Data warehouses are a popular solution for providing analytic capabilities to users. Until recently, data warehouses were the only reasonable solution for building robust analytic capability. However, as applications become easily interoperable and as technologies such as in-memory databases and OLAP become cost-effective and simpler to use, building a data warehouse is not the only solution to meet analytic requirements.
Table below presents several architecture options for integrating external data with the prebuilt
analytic solution; a data warehouse is just one of the options. The columns represent architecture options, whereas the rows represent the benefits and cost implications of each option.
When most data is in Microsoft Dynamics AX (assuming that Microsoft Dynamics AX is the
predominant source of data in the organization), you have two options.
The data mash-up option is best suited to an environment where capable users author and publish analyses for the use of others. This option relies on client tools such as Excel PowerPivot. Microsoft Dynamics AX 2012 enables Microsoft Dynamics AX queries to be published to data mash-up tools through OData feeds, or as data exports to Excel.
You can bring external data into Microsoft Dynamics AX either through services (data services consumed by means of inbound ports) or as batch jobs that are executed periodically to import data into tables. With this approach, external data is represented as read-only data within Microsoft Dynamics AX. The benefit to this approach is that external data appears as native Microsoft Dynamics AX data to Microsoft Dynamics AX tools. You can create analytics, reports, and inquiry forms that use the combined data.
A more complex approach involves integrating external data directly into the prebuilt BI solution.
With this option, a BI developer adds another data source to the prebuilt BI solution by using Business Intelligence Development Studio. Additional data tables are brought into the DSV by using the new data connection. It is possible to create dimensions and measures by using the new tables in the DSV.

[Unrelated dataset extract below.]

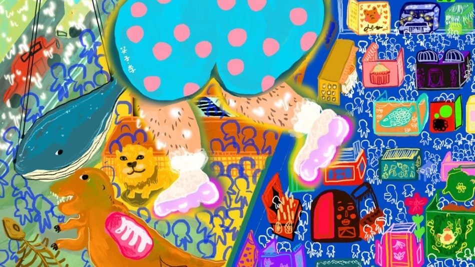 赴上海参加上海插画艺术节。炎炎夏日体感温度44度,每天走在烈阳之下有种小笼包被锁在蒸笼的感觉。 这是第一次海外参展,有八百多摊,见识到很多大神级别的画家,甚至在我隔壁摊的邻居日本人也是殿堂级的动画师,备感荣幸。 博览会展馆范围无敌大,从门口走到摊位大概要1.5公里,几天走下来除了汗细胞被榨干,小腿都练出了五块肌肉。印象深刻的还是到处都是人,人山人海已经不能形容,是铺天盖地的人。 展会结束后去了上海自然博物馆,在艳阳烘烤之下排队抢票,怎知成功入场后还是源源不绝的排队,入场的时候场内已经有5000人。我边看成千上万的标本,边思考“这里是人比较多还是标本比较多?” 上演了几个小时的人贴人,但看到恐龙模型和化石,还有齐全动物标本的时候心里各种感动,心中自带侏罗纪公园的背景音乐,默默期待下次再回来看恐龙。 更多作品: 李英子/粤语歇后语 李英子/梦核游泳 李英子/窗户与自由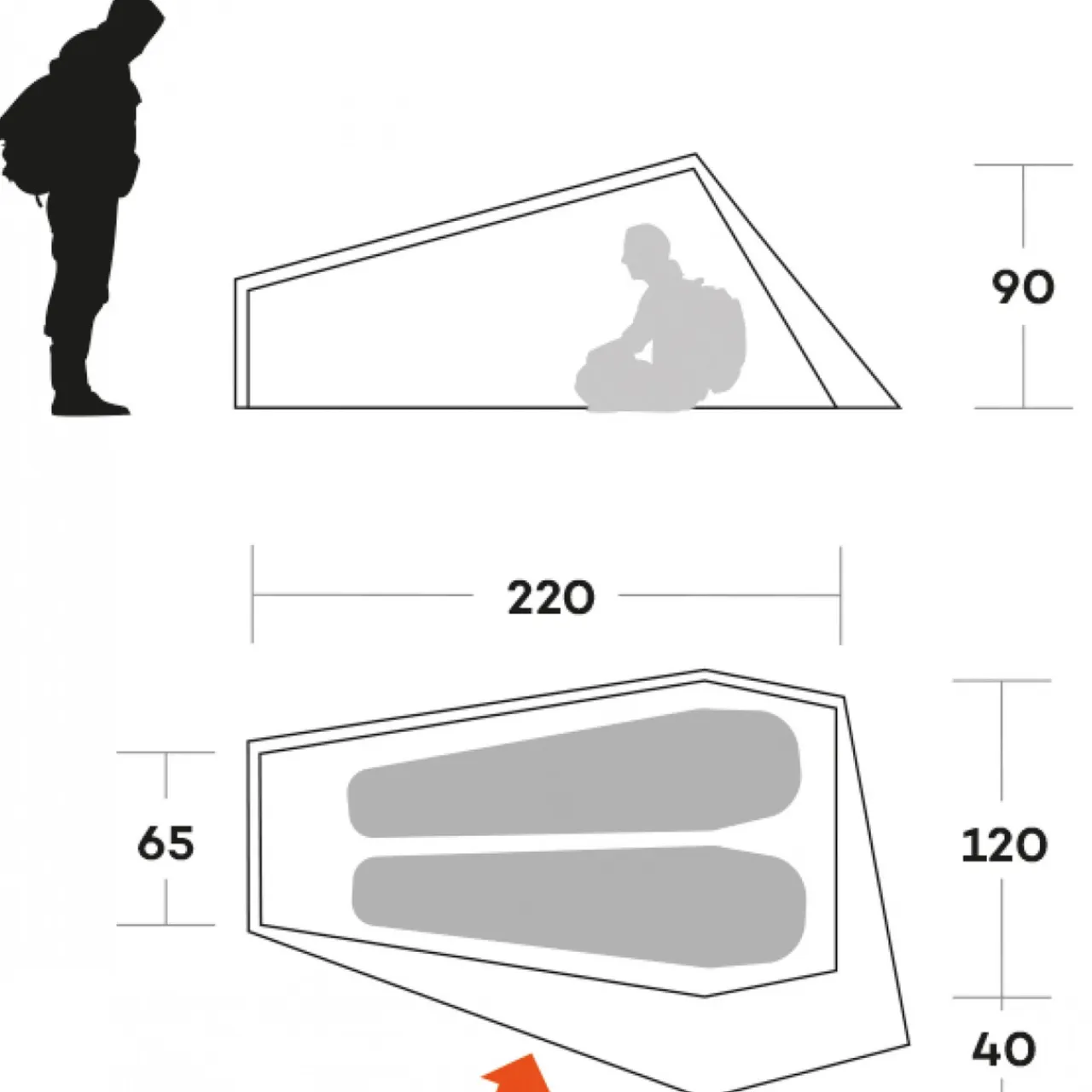 The ultralight Piuma 2 tent is developed for trekkers, bikepackers, backcountry and ultralights trips. The focus of the Piuma tent is to provide a good interior volume without suffering any penalty regarding functionality and weight. The full access to the apsis is enhanced by a zippered small door positioned on the head of the room that allows one to reach the narrowest front apsis part, without opening the room door.

The traditional ETL-based data warehouse option is suited to scenarios that require complex
transformations or large volumes of data. Although this option is more flexible in terms of capabilities, it is also the most expensive to implement and manage.
You might want to build a data warehouse to implement the following scenarios:
■ Integrate external data sources with Microsoft Dynamics AX data In this approach, the Microsoft Dynamics AX implementation serves as one of many corporate applications.
Although Microsoft Dynamics AX contains some of the corporate data, other systems contain
a considerable portion of the data. To make decisions, data must be combined across systems, and the data warehouse serves that need.
■ Incorporate legacy data into Microsoft Dynamics AX analytics Most organizations
migrate recent data when implementing Microsoft Dynamics AX. Legacy data is still
maintained in read-only instances of legacy applications. Although legacy data is no longer
used for operational purposes, it is required for historical trend analysis. A data warehouse
serves as the repository where legacy data is combined with current data.
Although Microsoft Dynamics AX 2012 does not directly support the creation of a data warehouse schema, the following artifacts generated in Microsoft Dynamics AX 2012 can be used to build a data warehouse:
■ The DSV generated as part of the prebuilt analytic solution can be used within SQL Server
Integration Services when an ETL package is developed to extract data from Microsoft
Dynamics AX.
■ Microsoft Dynamics AX document services can be consumed as data sources based on Simple Object Access Protocol (SOAP).
■ Microsoft Dynamics AX queries can be exposed as OData feeds.